I have admired the Schraderhaus kennel for years. I used to live right up the hill from them and have friends out that way. They are definitely gorgeous dogs  I stopped and talked to Jean one day and was very impressed with her knowledge and patience. Still pass by there often in my travels as I live nearby. Always looking to see if there are pups out to gaze at


----------



## VonKromeHaus (Jun 17, 2009)

BlkGSD makes a good point. There is a breeder I listed that I would not purchase a puppy from. But she does tend to produce the kind of dogs you are looking for. 

I really like Jean and her dogs. I know a few dogs from her and I love them! I acutally know a helga daughter BUT wouldn't recommend her offspring for anyone less than VERY VERY active! The one I know is a great dog and does settle very quickly in the house and even lives with cats! 

I will be at DVG regionals along with my dog and a few others that have some dogs from other breeders in WA. 

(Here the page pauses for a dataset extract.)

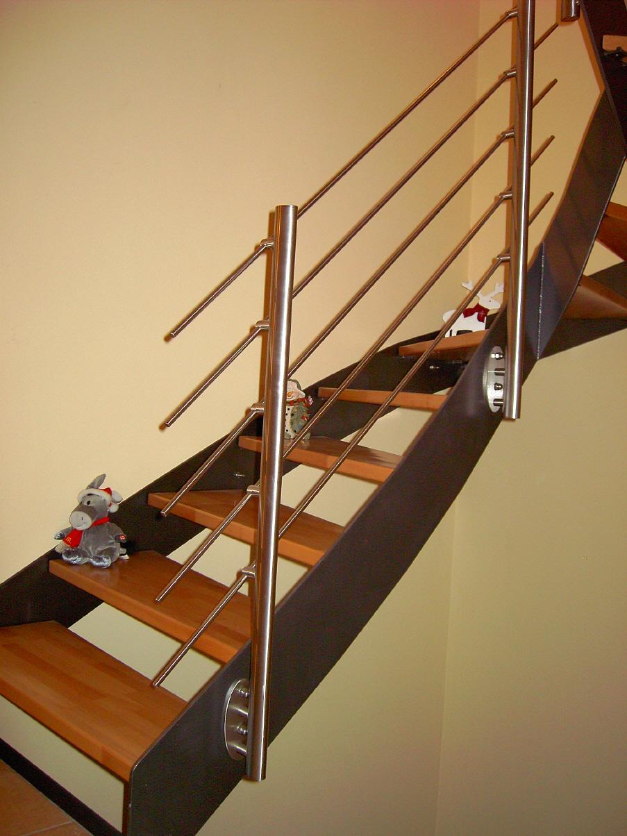 Treppenholm aus Quadratrohr 40x40x2 mm. Stufen aus blockverleimten Ahornholz. Kanten gerundet und zweimal lackiert. Geländer nicht notwendig, da die Treppe in einer Nische eingebaut wurde.

VomHausVianden is in ID but she is a personal friend of mine! I love her dogs and she is an awesome breeder!


----------



## JakodaCD OA (May 14, 2000)

Now I know you havent met Masi (Helga daughter)..but sounds alot like her. Masi's best buds are her kitties, and yep she is VERY VERY active but loads of fun


----------



## VonKromeHaus (Jun 17, 2009)

I am finding it is a trend with Helga progeny! lol SHe really produces some nice dogs! I would really like a puppy out of her latest breeding!!


----------



## GSD07 (Feb 23, 2007)

I have personal experience with a few dogs from two kennels from VonKromeHaus's list. I've seen stellar dogs from both kennels, and not so much and sometimes outright nervy from the very same kennels. My point is, pick the dogs, not the breeders. If I were you I would visit all the kennels listed in this thread.


----------



## VonKromeHaus (Jun 17, 2009)

Very sound advice Oksana. I also recommending visiting all the kennels listed!


----------



## megs (Mar 11, 2012)

Thanks for everyones advice.....When my husband gets back from the field we're going to sit down and narrow down to the kennels that we're wanting to seriously look at...Definitely going to go see the kennels in person if possible.


----------



## Shaina (Apr 2, 2011)

GSD07 said:


> I have personal experience with a few dogs from two kennels from VonKromeHaus's list. I've seen stellar dogs from both kennels, and not so much and sometimes outright nervy from the very same kennels. My point is, pick the dogs, not the breeders. If I were you I would visit all the kennels listed in this thread.


This definitely. I almost bought a dog out of a Schraderhaus breeding but the stars just weren't aligned correctly for that one. 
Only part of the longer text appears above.